The Indian state of Maharashtra, home to financial capital Mumbai and more than 100m people, introduced sweeping restrictions on the public and businesses as the country’s daily Covid-19 caseload hit a record high.
India reported 103,000 new Covid-19 cases on Sunday, registering the highest number of daily infections globally. It surpassed its previous peak of nearly 100,000 daily cases in September.
The country recorded more than 500 deaths on Saturday, up from 100 or less at the start of March.
Maharashtra has led the resurgence, with more than 57,000 new infections announced on Sunday, and has accounted for many of the deaths.
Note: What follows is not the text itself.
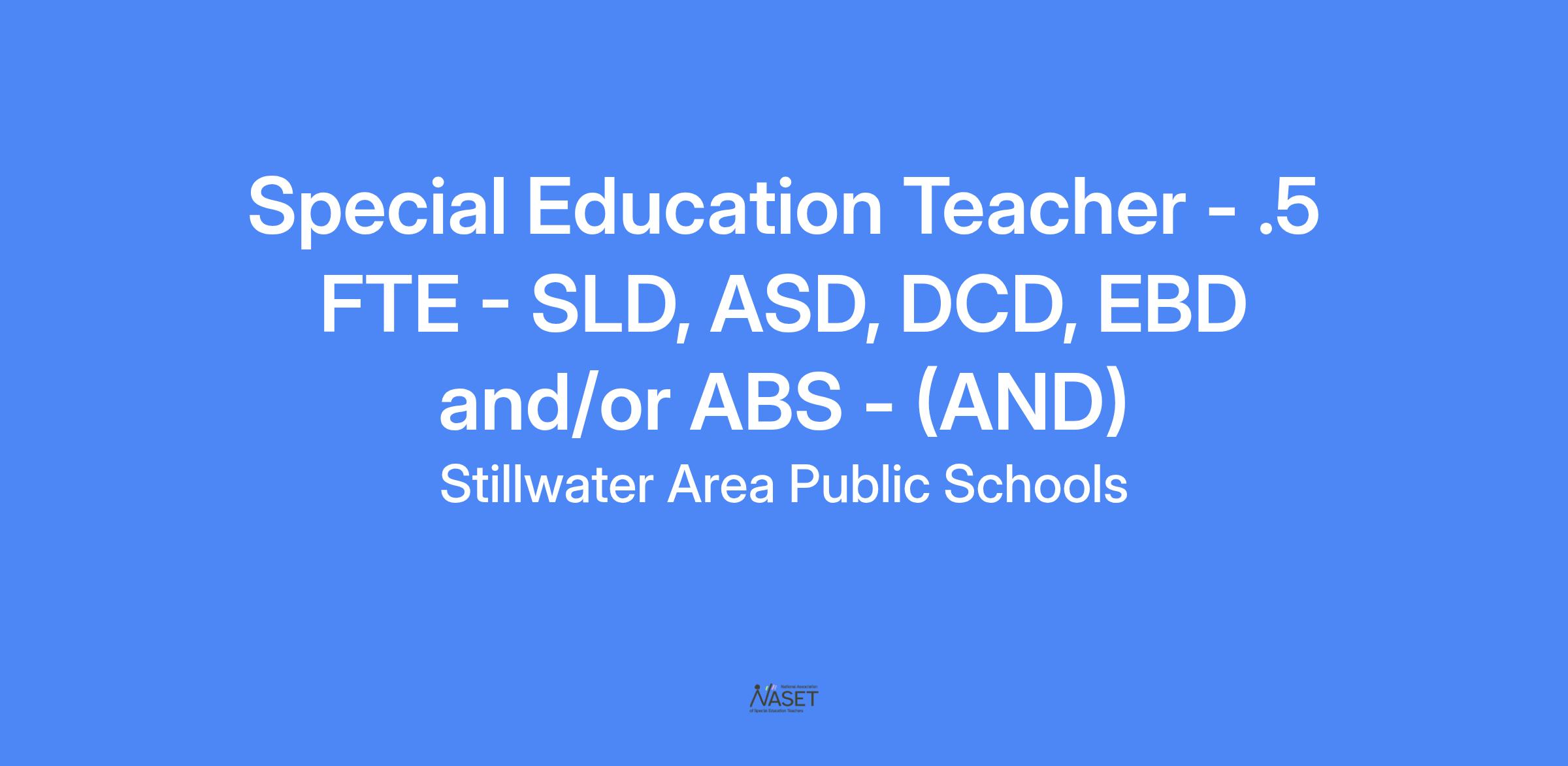 Job Title: Special Education Teacher - .5 FTE - SLD, ASD, EBD and/or ABS Andersen Elementary

The western state is India’s economic powerhouse, accounting for 14 per cent of gross domestic product, according to research firm Capital Economics.
The restrictions in Maharashtra include a night-time curfew and weekend lockdown, while all but essential shops are to close. Most private offices will shut, restaurants only be available for takeaway and public gatherings have been curtailed.
The state introduced the measures amid fears health systems could be overwhelmed by the surge.
India’s second wave risks setting back the budding recovery of what had been one of the world’s fastest-growing large economies before the pandemic.
The Reserve Bank of India expects India’s economy to grow by 10.5 per cent in the 12 months to March 2022 after a painful contraction the previous year.
But the surge is a “growing threat”, according to Capital Economics. Writing before the latest announcement, the firm said wide-ranging restrictions “would severely dent the economic recovery”.
Nomura estimates that a worsening second wave will weigh on growth, though it expects the impact of localised measures to be limited compared to last year’s strict nationwide lockdown.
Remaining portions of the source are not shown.